Headband use comparo vs. H501 now added to the review.

Cheers,
Tim


----------



## JJohn (Jan 22, 2010)

*Re: Zebralight SC30 (Review w/tons of pics & indoor comparo beamshots)*

Great review turboBB. I love this light so far but was wondering how the headband thing would work on camping trips. Sounds like it would be fine but, not quite as good as a "real" headlamp because of the limitation of vertical beam angles.


----------



## StandardBattery (Jan 22, 2010)

*Re: Zebralight SC30 (Review w/tons of pics & indoor comparo beamshots)*

Zebra hits another one *OUT OF THE PARK!*  :thumbsup:

This might be a flashlight regular people would adopt CR123 cells for. In AA this would be a killer consumer light I suspect, if not for the price.

Oh Well... Flashaholics will just have to enjoy these on their own!!


----------



## olrac (Jan 22, 2010)

*Re: Zebralight SC30 (Review w/tons of pics & indoor comparo beamshots)*

Great review Tim! :thumbsup:


----------



## PJD (Jan 22, 2010)

*Re: Zebralight SC30 (Review w/tons of pics & indoor comparo beamshots)*



scott said:


> Is that a screwdriver with a duracell-looking handle? Or is that a AA battery and there happens to be a screwdriver behind it???



It's a screwdriver with a Duracell handle. They come as a "freebie" in some promotional packs of Duracell batteries. I think I saw one at either Home Depot or WalMart.

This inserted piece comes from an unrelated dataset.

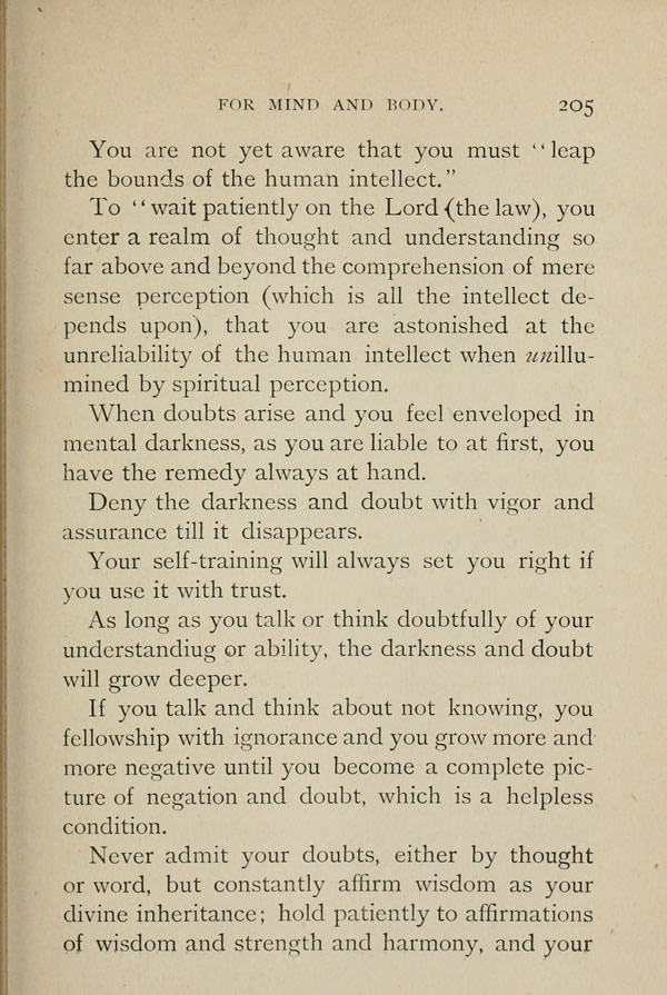 When doubts arise and you feel enveloped in mental darkness, as you are liable to at first, you have the remedy always at hand.

I tried bending the pocket clip out on my SC30 a little to reduce the extent of pocket-fray, and it seemed to work great! The clip is still making contact with the cooling fins of the light, but I succeeded in greatly reducing the tightness. Now it stays clipped to my pocket, but slides out with very little effort. I've pocket carried it all week at work and it has stayed where it's supposed to without incident (and to clarify, I do a LOT of climbing in and out of forklifts and tractor trailers all day long). OTOH, if you do not lock out the tail cap, accidental activation WILL be an issue. The times when I forgot to lock out my tail cap the light was activated while in my pocket. Not some of the time, not most of the time...but EVERY time. So the lock-out feature of the tail cap is not just a "plus" on the SC30, IMHO it's a NECESSITY.

PJD


----------



## parnass (Jan 24, 2010)

*Re: Zebralight SC30 (Review w/tons of pics & indoor comparo beamshots)*



PJD said:


> .... OTOH, if you do not lock out the tail cap, accidental activation WILL be an issue. The times when I forgot to lock out my tail cap the light was activated while in my pocket. Not some of the time, not most of the time...but EVERY time. So the lock-out feature of the tail cap is not just a "plus" on the SC30, IMHO it's a NECESSITY.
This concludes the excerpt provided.